Веле Штылвелд: С боку припёка, часть девятая
Ирина Диденко: Графика
Накануне выпускного из интернета Женьку Ёжика и Ваську Зорина вызвали в райотдел милиции по повестке.
- Садитесь, ребята. Мы пригласили вас в наш райотдел, как вполне взрослых и серьезных людей. Оба вы уже переболели детской комнатой, и разговор у нас с вами возник из нашей, скажем честно, реальности. Оба вы троечники к тому же девиантного поведения и давно уже в отношениях. Впрочем, за это вас не посадишь, а если и посадишь, то что ненадолго.
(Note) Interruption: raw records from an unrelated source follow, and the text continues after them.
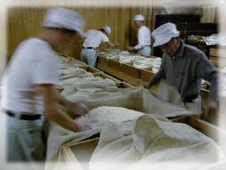 神戸の中堅蔵として、凍結酒等、様々な新しい試みをしてきた、福壽酒造は震災で蔵が半壊したのをきっかけに、蔵を新築、「神戸酒心館」として再スタートしました。 鉄筋の蔵と、きれいなゲストハウスを造り、観光客の方もたくさんいらっしゃいますが、一番変ったのはやはり酒造りです。 新築の蔵とはうらはらに、蒸米は昔ながらの釜と甑を使ったきちっとした蒸しで、全ての酒は伝統的な蓋こうじで造られています。大変手間のかかる仕事ですが、それゆえに、個性的で素晴らしい酒ができるのです。 |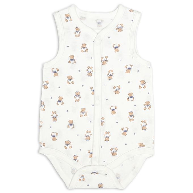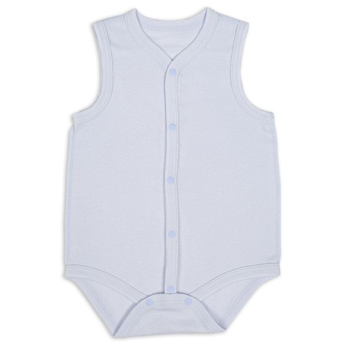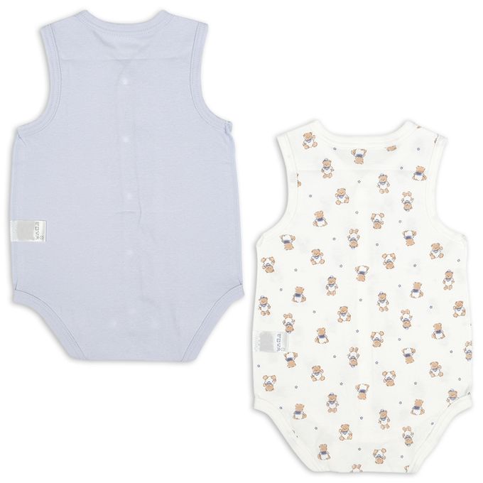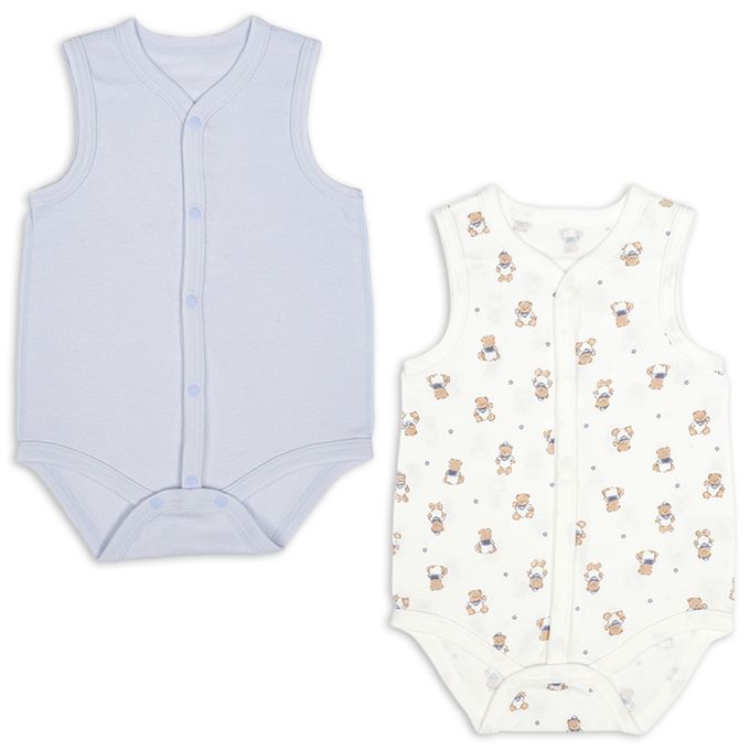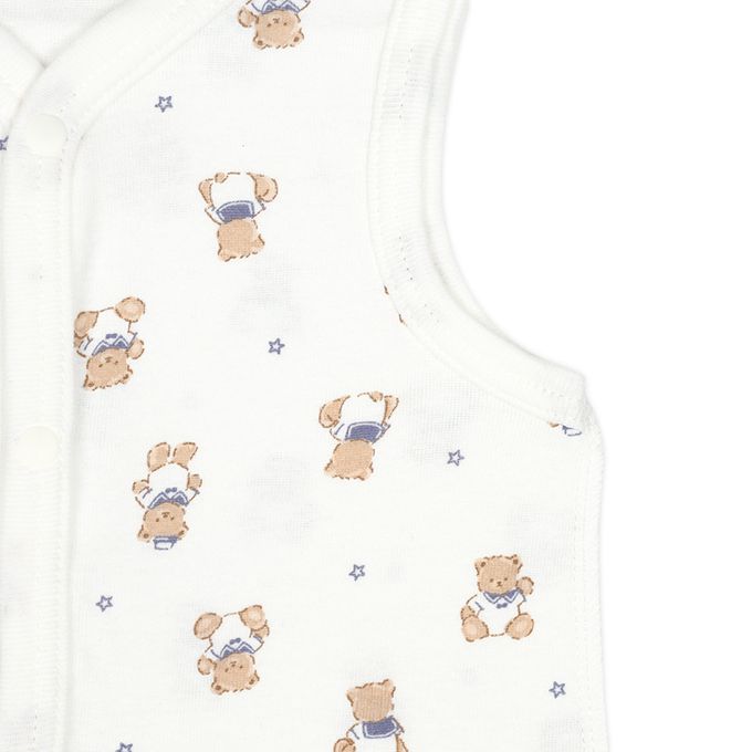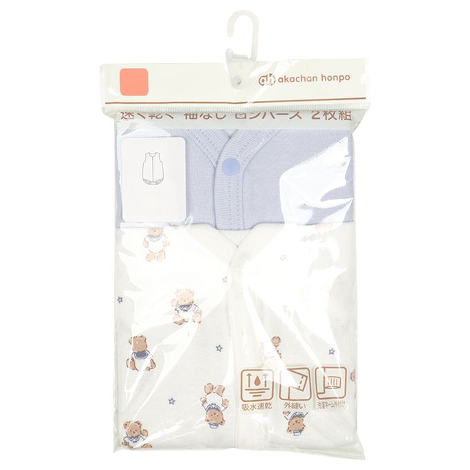 無袖速乾包屁衣2件組-前開式 小熊 星星-淺藍色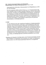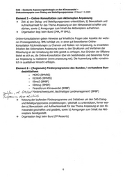 DAS — Deutsche Anpassungsstrategie an den Klimawandel — Diskussionspapier zum Dialog und Beteiligungsprozess v3 Stand 7.9.2009 teiligungselemente (Information, Wissensaustausch und Mitgestaltung) zu verfol- gen und umzusetzen. Auch die angelaufene BMBF-KLIMZUG-Förderung von 7 Projektverbünden folgt einem integralen Ansatz zur Bildung regionaler Netzwerke zwischen Wissenschaft, Unternehmen, Verwaltung und gesellschaftlichen Entscheidungs- und Bedarfsträ- gern. Beteiligung und Dialog sind zentrale Elemente des Förderprogramms und werden Bewertungskriterien sein bei der vorgesehenen Entscheidung über eine Weiterförderung der einzelnen Verbünde nach 18 Monaten Projektlaufzeit. Auch hier decken die Projekte in unterschiedlicher Gewichtung die drei genannten Kommunikations- und Beteiligungsziele ab. 4. Fazit Vor dem Hintergrund der oben ausgeführten Bandbreite an Beteiligungsaspekten erscheint in der Konzentration auf Formate zu Querschnittsthemen sowie einen regionalen Ansatz als eine praktikable Möglichkeit, die Komplexität des Gesamt- prozesses zu reduzieren. Gleichwohl ist es erforderlich, die (an)laufenden Aktivitä- ten insbesondere der Ressorts und der Länder in einem strukturierten Rahmen zusammen zu führen, um eine Bündelung der Ergebnisse für den Aktionsplan An- passung sowie die Weiterentwicklung der DAS (= DAS-Prozess) zu erreichen. Ziel des Rahmens ist es, eine möglichst große Anzahl von strategischen Knotenpunk- ten in Dialog- und Beteiligungsprozess (sukzessive) abzudecken und zu vernet- zen. Anmerkung: alle folgenden Vorschläge stehen unter Finanzierungsvorbehalt. Die Bei- träge (inhaltlicher und finanziellen Art) der Ressorts zum Dialog- und Beteiligungs- prozess werden in der IMA Anpassungsstrategie besprochen und abgestimmt.

Правда ещё есть вариант выслать вас за сотый километр, но настолько вы ещё не нагрешили. А стране нужны сварщики и крепкие здоровые семьи… Правда, в Тюмени. Так что, как только после школьного выпускного вы распишитесь, а точнее мы вас распишем по чесноку прямо в Районом ЗАГСе, а не на заборе, тут же туда и поедете работать и учиться на сварщиков. Учится... и сначала просто крепко работать, как все молодые семьи вашего… профиля. Ну, сначала разнорабочими, а уж затем и квалифицированными рабочими, а не какими-то там придонными работягами.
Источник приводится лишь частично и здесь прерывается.